** Opening PROVIDED RECORDS block **

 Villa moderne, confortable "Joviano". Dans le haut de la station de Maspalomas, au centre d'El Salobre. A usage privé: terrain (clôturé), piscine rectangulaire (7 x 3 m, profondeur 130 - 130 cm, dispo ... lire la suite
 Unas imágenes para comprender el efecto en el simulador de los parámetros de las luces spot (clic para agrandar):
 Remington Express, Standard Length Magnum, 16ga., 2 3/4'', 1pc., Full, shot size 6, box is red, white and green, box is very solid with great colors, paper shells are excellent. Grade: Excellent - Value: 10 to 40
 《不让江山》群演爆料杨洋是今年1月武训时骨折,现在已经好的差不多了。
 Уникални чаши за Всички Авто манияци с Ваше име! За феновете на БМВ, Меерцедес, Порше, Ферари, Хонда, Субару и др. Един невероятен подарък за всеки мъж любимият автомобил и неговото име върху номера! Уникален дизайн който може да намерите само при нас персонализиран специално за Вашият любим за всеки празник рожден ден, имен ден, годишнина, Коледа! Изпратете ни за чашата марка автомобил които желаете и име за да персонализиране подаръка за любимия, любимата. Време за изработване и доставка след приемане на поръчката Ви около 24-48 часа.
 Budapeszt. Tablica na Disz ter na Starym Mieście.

** Closing PROVIDED RECORDS block **
** Opening PROVIDED RECORDS block **

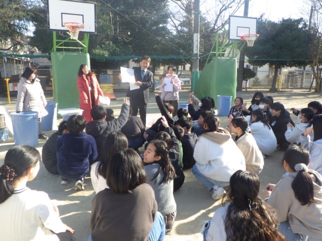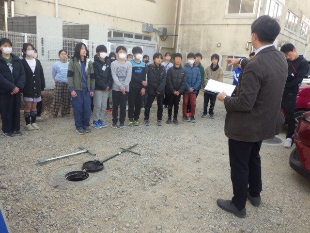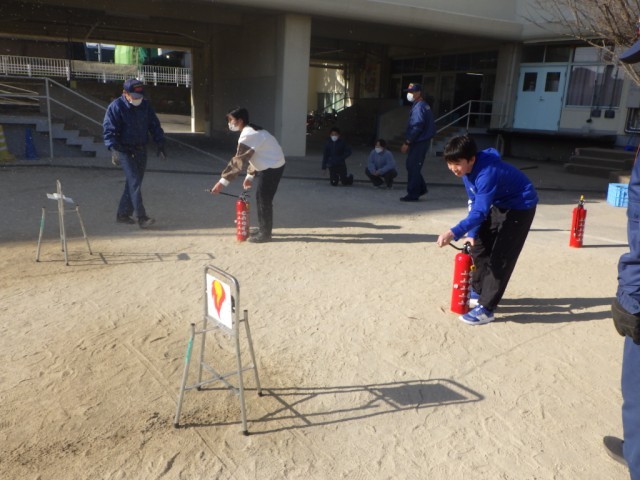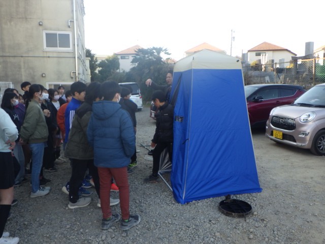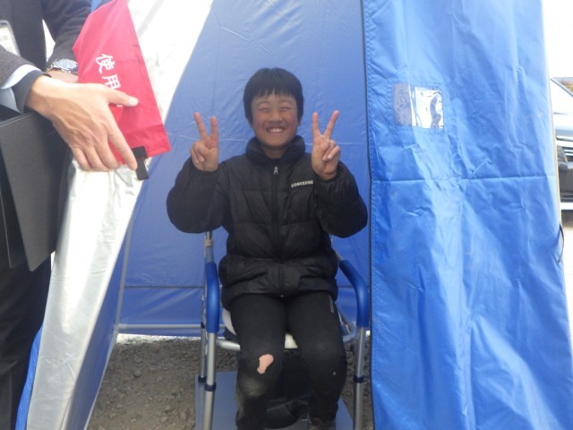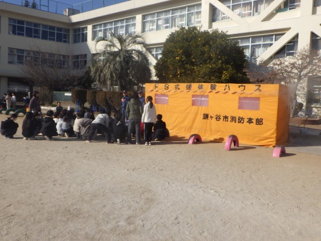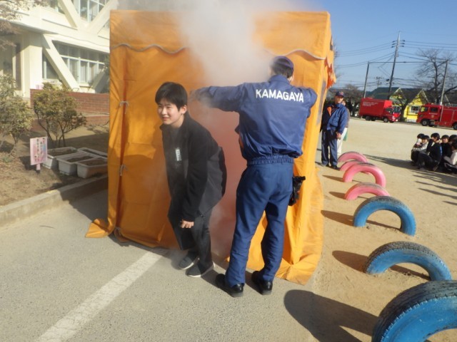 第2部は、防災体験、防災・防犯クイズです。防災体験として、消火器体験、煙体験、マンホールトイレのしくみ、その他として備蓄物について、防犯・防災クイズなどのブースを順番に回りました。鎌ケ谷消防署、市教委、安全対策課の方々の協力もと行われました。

** Closing PROVIDED RECORDS block **

[EXERCISE BRIEF] Reproduce exactly the entries above, limited to the lines from the one with "Villa moderne, confortable" through the one with "Unas imágenes para", both included.

[SOLUTION TO THE EXERCISE]
 Villa moderne, confortable "Joviano". Dans le haut de la station de Maspalomas, au centre d'El Salobre. A usage privé: terrain (clôturé), piscine rectangulaire (7 x 3 m, profondeur 130 - 130 cm, dispo ... lire la suite
 Unas imágenes para comprender el efecto en el simulador de los parámetros de las luces spot (clic para agrandar):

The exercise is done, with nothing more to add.